Since then, Reheis-Boyd has touted the "need" to open up the West Coast to new oil drilling many times in an array of publications - and grassroots environmental leaders remain strongly opposed to any efforts to drill.

"Catherine Reheis-Boyd was part of the Marine Life Protection Act (MLPA) Initiative process that denied access to the ocean for sustainable food providers and opened the path for offshore oil drillling off the Northern California Coast," said John Lewallen, co-founder of the Ocean Protection Coalition and the North Coast Seaweed Rebellion. "The people of the North Coast are determined to prevent offshore oil drilling and defend our access to the ocean."

For more information about the Keystone XL Pipeline, Alberta tar sands drilling and hydrofracking, go to: http://www.honorearth.org/stop-tar-sands or http://www.earthjustice.org.

MLPA Initiative Background:

The Marine Life Protection Act (MLPA) is a law, signed by Governor Gray Davis in 1999, designed to create a network of marine protected areas off the California Coast.
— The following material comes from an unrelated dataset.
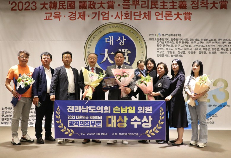 [전남 세계타임즈=우덕현 기자] 전남도의회 손남일 도의원(더불어민주당·영암2)이 4일 열린 한국언론미디어그룹 7주년 기념식에서 ‘2023 대한민국 의정대상(광역의회 부문)’을 수상했다.

However, Governor Arnold Schwarzenegger in 2004 created the privately-funded MLPA “Initiative” to “implement” the law, effectively eviscerating the MLPA.
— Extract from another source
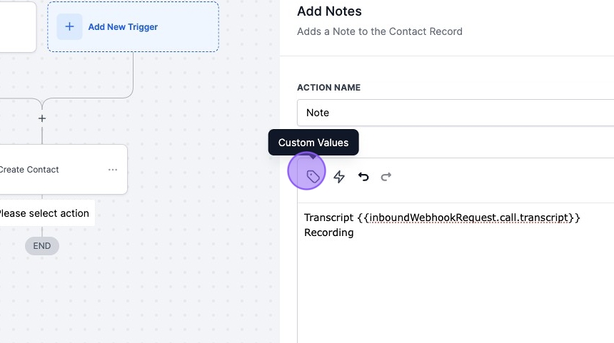 31. The Value should be selected from the GoHighLevel tag and referenced here

The “marine protected areas” created under the MLPA Initiative fail to protect the ocean from oil spills and drilling, water pollution, military testing, wave and wind energy projects, corporate aquaculture and all other uses of the ocean other than fishing and gathering.

The MLPA Initiative operated through a controversial private/public “partnership” funded by the shadowy Resources Legacy Fund Foundation. The Schwarzenegger administration, under intense criticism by grassroots environmentalists, fishermen and Tribal members, authorized the implementation of marine protected areas under the initiative through a Memorandum of Understanding (MOU) between the foundation and the California Department of Fish and Game (DFG).

Tribal members, fishermen, grassroots environmentalists, human rights advocates and civil liberties activists have slammed the MLPA Initiative for the violation of numerous state and federal laws. Critics have charged that the initiative has violated the Bagley-Keene Open Meetings Act, Brown Act, California Administrative Procedures Act, Coastal Act and American Indian Religious Freedom Act.

MLPA and state officials refused to appoint any tribal scientists to the MLPA Science Advisory Team (SAT), in spite of the fact that the Yurok Tribe alone has a Fisheries Department with over 70 staff members during the peak fishing season, including many scientists. The MLPA Blue Ribbon Task Force also didn’t include any tribal representatives until 2010 when one was finally appointed to the panel.